From 1999 to 2000, before heading Zarubezhneft, he worked at Transneft in the department of the foreign economic block and foreign projects.

Tokarev has been president of Transneft since October 2007 and a member of the company's board of directors since June 2009. From 2000 to 2007, he was president of the Russian oil company Zarubezhneft.

Tokarev has been board of directors of Rosneft since October 2009.

Under an agreement dated 26 May 2015, Tokarev through his TNT (АО «ТНТ») and Transneft-SERVIS (ООО «ТРАНСНЕФТЬ - СЕРВИС») pays more than a 100 million rubles a month "for rent of premises of non-residential objects" (ЗА АРЕНДУ ПОМЕЩЕНИЙ ОБЪЕКТОВ НЕЖИЛОГО) at Putin's palace at Gelendzhik.

== Sanctions ==
On 28 February 2022, in relation to the 2022 Russian invasion of Ukraine, the European Union blacklisted Tokarev and had all his assets frozen. On 3 March, the United States imposed similar sanctions on Tokarev, his wife and daughter. On 10 March, the British government imposed sanctions which involved freezing Nikolay's assets and a travel ban.

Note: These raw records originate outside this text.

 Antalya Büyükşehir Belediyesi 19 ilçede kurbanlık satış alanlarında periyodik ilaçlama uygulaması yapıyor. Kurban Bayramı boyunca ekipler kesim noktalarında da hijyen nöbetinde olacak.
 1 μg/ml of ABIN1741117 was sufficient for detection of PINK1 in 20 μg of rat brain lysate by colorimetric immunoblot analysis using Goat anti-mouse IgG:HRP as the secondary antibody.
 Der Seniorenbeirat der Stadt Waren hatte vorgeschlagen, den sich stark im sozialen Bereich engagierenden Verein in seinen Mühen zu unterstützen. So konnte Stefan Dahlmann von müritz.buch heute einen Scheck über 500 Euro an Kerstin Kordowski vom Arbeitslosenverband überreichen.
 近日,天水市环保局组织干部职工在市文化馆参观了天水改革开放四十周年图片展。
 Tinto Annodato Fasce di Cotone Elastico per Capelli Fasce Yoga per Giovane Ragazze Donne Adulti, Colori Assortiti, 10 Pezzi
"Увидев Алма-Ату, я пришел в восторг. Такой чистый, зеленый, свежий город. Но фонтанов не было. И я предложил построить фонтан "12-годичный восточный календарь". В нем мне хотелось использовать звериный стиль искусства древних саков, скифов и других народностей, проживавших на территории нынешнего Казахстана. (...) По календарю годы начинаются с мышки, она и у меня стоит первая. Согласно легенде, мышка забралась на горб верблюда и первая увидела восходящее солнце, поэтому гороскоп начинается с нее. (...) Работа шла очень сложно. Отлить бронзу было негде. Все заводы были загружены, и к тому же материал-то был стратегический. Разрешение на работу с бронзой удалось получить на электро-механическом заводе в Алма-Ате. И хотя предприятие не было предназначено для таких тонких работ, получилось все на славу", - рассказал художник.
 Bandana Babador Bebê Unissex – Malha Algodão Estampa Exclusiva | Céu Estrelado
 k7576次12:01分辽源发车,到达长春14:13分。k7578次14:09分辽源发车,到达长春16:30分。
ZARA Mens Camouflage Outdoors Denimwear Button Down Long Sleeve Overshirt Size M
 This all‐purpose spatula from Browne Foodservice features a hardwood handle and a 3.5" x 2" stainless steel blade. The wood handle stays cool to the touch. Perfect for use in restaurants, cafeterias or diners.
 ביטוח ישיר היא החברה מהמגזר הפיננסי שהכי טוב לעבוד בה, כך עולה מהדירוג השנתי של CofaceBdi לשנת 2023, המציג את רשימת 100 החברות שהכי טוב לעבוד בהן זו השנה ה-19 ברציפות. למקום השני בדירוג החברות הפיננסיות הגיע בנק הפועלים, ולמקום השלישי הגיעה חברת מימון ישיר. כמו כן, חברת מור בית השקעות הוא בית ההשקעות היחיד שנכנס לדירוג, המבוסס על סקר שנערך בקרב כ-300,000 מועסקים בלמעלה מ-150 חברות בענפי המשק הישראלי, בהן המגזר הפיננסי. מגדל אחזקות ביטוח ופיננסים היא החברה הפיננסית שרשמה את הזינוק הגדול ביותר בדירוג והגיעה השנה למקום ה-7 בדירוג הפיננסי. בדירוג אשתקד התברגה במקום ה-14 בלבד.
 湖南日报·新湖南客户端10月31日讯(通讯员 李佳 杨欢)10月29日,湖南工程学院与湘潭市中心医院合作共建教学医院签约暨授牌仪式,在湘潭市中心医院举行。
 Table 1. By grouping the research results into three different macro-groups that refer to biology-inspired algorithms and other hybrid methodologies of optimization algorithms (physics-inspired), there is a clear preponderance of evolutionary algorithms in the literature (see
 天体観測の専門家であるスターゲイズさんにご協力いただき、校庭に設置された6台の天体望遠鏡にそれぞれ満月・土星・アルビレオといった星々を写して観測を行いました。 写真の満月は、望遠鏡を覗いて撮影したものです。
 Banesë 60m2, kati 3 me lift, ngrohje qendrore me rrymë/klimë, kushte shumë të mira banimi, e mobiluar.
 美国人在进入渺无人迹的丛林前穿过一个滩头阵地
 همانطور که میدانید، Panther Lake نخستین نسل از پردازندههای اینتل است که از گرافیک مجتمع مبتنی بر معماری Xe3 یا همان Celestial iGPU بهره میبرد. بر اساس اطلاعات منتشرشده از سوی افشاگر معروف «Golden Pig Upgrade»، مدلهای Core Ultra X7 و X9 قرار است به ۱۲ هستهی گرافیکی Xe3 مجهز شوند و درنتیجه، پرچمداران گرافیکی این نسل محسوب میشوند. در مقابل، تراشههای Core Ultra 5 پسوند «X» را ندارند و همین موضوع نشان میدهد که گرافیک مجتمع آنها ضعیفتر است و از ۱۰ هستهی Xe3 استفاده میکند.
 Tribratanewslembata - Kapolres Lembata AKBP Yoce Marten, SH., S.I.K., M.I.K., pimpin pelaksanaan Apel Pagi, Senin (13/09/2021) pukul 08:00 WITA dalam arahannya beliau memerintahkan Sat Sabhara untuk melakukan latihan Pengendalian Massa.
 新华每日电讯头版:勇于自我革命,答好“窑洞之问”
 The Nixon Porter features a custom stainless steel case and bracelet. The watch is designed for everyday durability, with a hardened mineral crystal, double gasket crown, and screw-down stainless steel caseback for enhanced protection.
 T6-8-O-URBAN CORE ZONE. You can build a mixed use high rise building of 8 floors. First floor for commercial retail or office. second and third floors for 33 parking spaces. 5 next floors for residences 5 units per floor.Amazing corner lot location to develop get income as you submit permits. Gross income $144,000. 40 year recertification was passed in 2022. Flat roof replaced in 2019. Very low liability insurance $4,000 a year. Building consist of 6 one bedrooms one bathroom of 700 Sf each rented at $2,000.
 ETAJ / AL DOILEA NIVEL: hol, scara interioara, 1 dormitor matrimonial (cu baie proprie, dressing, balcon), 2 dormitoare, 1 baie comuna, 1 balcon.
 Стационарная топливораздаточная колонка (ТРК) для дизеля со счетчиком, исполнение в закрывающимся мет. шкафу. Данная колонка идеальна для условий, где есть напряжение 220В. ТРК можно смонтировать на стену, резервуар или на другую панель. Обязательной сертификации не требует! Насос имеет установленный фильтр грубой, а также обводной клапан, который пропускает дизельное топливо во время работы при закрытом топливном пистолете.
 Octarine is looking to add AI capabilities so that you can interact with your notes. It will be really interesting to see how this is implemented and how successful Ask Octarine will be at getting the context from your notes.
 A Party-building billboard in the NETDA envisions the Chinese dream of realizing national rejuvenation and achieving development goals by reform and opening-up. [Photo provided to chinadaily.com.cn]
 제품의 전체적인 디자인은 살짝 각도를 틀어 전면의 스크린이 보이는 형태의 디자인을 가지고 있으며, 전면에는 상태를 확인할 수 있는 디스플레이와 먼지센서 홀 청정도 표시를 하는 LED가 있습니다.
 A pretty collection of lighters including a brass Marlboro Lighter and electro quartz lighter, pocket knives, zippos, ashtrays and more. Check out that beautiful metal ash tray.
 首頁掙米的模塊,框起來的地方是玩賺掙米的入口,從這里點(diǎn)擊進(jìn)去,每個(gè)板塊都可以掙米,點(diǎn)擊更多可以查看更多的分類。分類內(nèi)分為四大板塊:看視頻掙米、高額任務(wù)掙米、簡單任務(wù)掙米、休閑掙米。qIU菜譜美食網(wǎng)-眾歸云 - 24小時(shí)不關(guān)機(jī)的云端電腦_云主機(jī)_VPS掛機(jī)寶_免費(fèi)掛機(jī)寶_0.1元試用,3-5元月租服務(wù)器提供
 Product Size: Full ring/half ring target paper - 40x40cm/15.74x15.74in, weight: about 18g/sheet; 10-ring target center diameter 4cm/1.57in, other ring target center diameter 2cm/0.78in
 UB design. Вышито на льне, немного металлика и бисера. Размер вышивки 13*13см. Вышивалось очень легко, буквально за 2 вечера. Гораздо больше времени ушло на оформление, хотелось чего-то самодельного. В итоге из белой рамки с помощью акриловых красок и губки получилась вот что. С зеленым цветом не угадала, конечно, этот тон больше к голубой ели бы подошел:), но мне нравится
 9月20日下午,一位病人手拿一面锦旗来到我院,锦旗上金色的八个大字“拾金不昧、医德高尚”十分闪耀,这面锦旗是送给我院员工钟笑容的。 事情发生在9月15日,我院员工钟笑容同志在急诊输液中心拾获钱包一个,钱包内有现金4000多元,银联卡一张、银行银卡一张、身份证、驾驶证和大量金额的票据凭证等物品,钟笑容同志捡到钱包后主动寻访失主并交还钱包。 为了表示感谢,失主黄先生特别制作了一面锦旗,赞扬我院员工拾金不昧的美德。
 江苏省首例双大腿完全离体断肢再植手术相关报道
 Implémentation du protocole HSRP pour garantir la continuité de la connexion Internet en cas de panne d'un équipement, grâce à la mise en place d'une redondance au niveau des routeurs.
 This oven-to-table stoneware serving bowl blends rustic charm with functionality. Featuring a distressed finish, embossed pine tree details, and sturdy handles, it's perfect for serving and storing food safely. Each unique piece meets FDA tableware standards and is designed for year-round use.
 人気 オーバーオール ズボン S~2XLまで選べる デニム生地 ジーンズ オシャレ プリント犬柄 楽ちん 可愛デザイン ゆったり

He was sanctioned by New Zealand in relation to the 2022 Russian invasion of Ukraine.

==Personal==
In 2002, the company Stroyvip, which has the same address as Promsvyazbank, became a shareholder of the former Pravda («Правда») now known as the largest publishing and printing complex "Press-1" («Пресса-1»).

In 2004, his daughter Maya Bolotova (Майя Болотова), was associated with Promsvyazbank (Промсвязьбанк) firms Promsvyazavto («Промсвязьавто»), Stroyvip («Стройвип»), and Industry Import («Индустрия импорт») and are controlled by brothers Alexey Ananiev (Алексей Ананьев) and Dmitry Ananiev (Дмитрий Ананьев). During her time with Promsvyazbank, the bank significantly increased its assets by sixfold between 2004 and 2007 and became one of the three systematically important banks in Russia.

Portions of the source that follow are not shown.